Всунув ноги в старые с высокими (по пах) халявами валенки мужа, надела на себя теплый лёгкий пуховик, накинула на голову поверх платка-подведёнки пуховый платок-обпинянку, пристроила коробку за спину и, даже не накинув щеколду на входные двери дома (нигде никого нет), ступила за порог хаты, прихватив с собой лёгкую деревянную лопату. Когда-то ею старая бабка Зёмиха, а позже её мать Мариля доставали буханки хлеба с печи. А теперь она служила ей  ещё и посохом. С его помощью она  отгребёт снег от калиток и дверей, хат Никитихи, Сидоровны и Кузьмича. Те ещё кое-как переставляли ноги в своих хатах. А вот уже выбраться на двор да ещё такой заснеженный…
   «Что-то Никитиха совсем расхворалась. Хотя бы перезимовала…» – с такими мыслями, опираясь на лопату-посох, с трудом вытягивая ноги из глубоких ямок из-под своих же следов, Елена не шла, а лезла-ползла по пустой, немой, застывшей улице в сторону переезда. Около его одна в пустой холодной хате её ждала та, которая в далёком детстве дала её кличку Похатница, а за ней в таких же опустевших хатах гнездились другие старики.
   Наконец притянулась. Отгребла калитку,  пробила узкую дорожку к крыльцу, ссунула с него снежные заносы. Отряхнув свои валенки-снегоходы, через веранду вступила в стылую хату.
   – Павловна, живая? – закричала с порога.
   – Пришла!? Не забыла меня старую одну-одинёшеньку, – отозвалась та. Никитиха лежала в запечке на домотканой постилке под большим кожухом. Елена быстренько сняла с себя коробку и начала доставать свою «подкормку». Сначала, из принесённого с собой большого китайского термоса, не выпуская из рук кружку, попоила старую горячим чаем на травах. Потом подала в дрожащие руки кусок домашнего выпечки и контейнерик с творогом и сметаной, посыпанных сахаром. Пока, ожившая на глазах Никитиха отводила душу, Елена вынесла с хаты и ополоснула её ночную посудину, запалила дрова  в печи, поставила вариться чугунки с немудрящей едой.
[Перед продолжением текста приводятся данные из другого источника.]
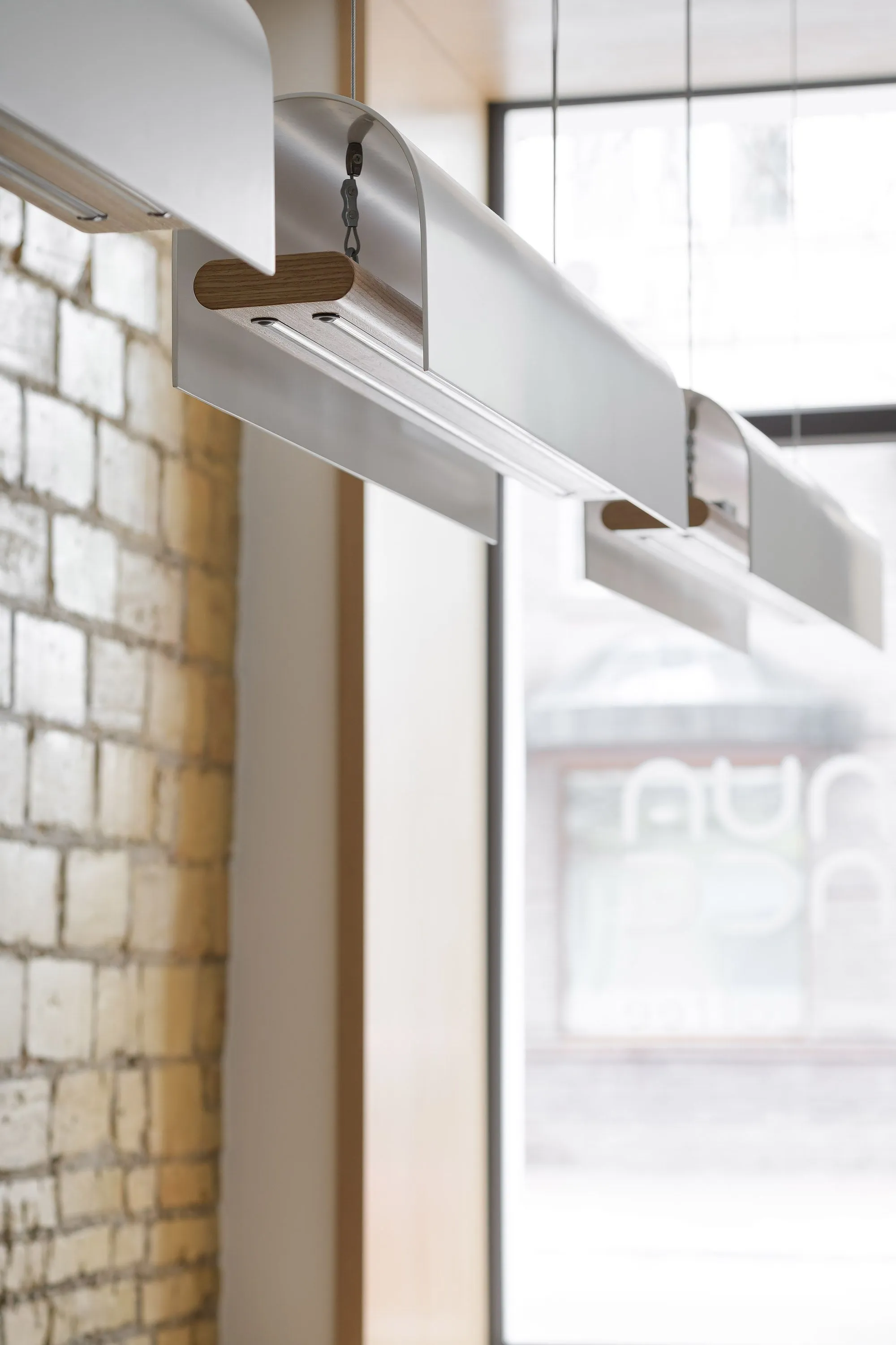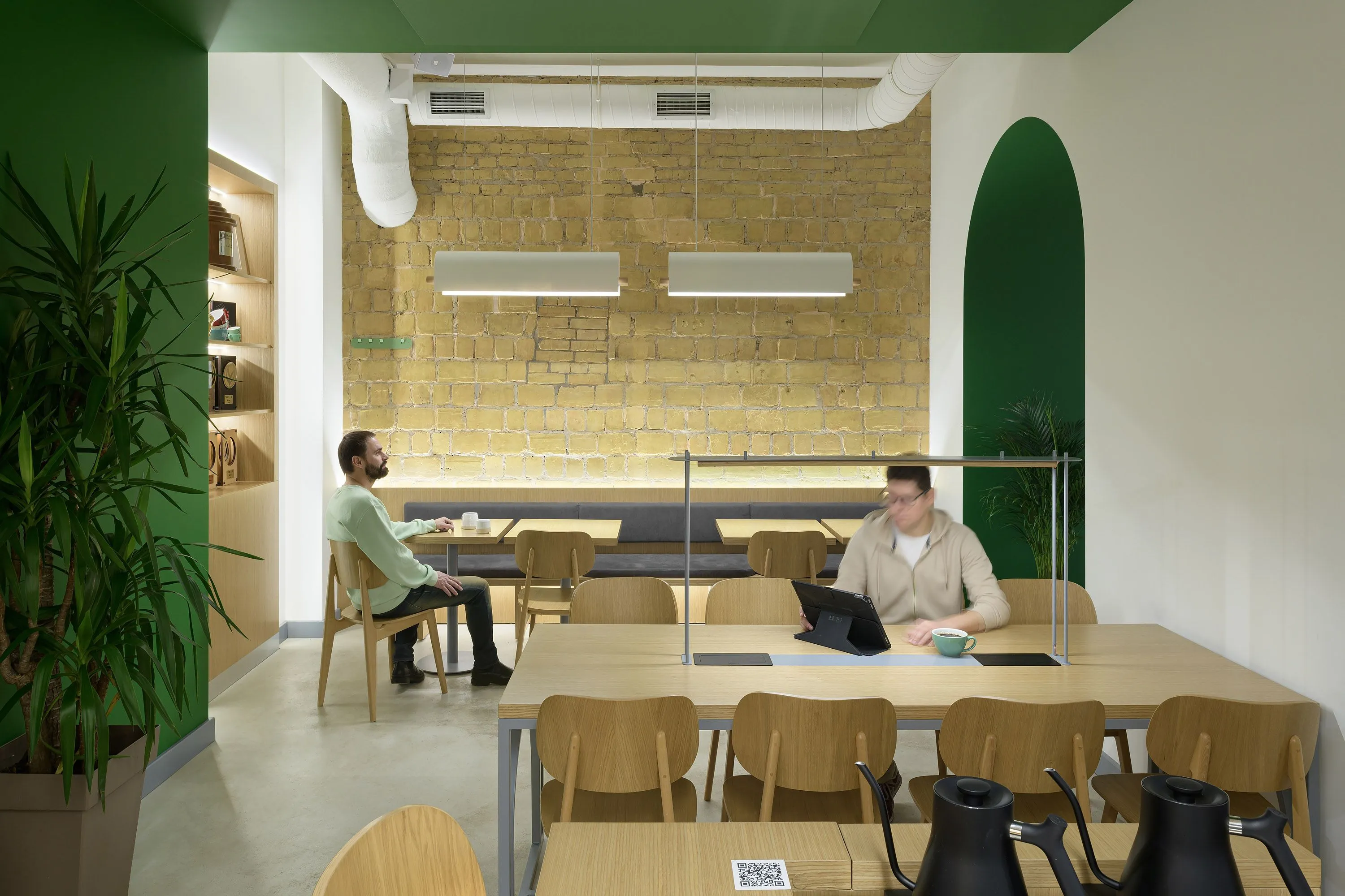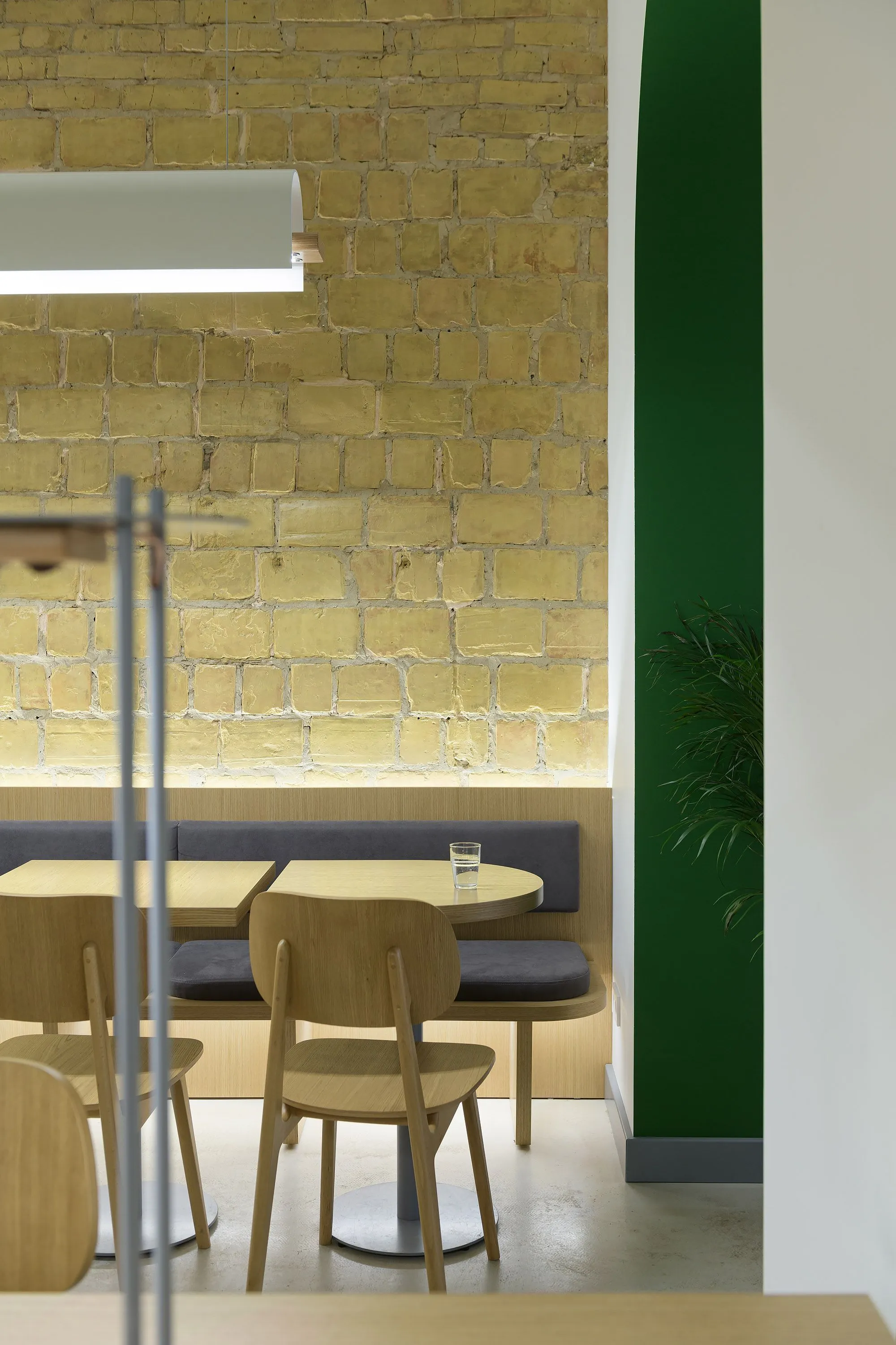 Дизайн підкреслюють індивідуальні світильники-літери як на логотипі кав'ярні, айдентика інтегрована в інтер'єр

Между делами рассказала соседке «что делается на дворе». В нём же она пробила-прогребла тропинку к дровяннику и к колодцу, принесла охапку дров и воды про запас в хату. Отдохнув минуту-другую начала пристраивать снова коробку за плечи:
   – Павловна, – снова обратилась Елена от дверей к Никитихе. – Вы тут побудьте немного сами, а сбегаю к Сидоровне и Кузьмичу, гляну, как они там. На обратной дороге забегу и закрою юшку, чтобы Вы тут не замёрзли. Хорошо?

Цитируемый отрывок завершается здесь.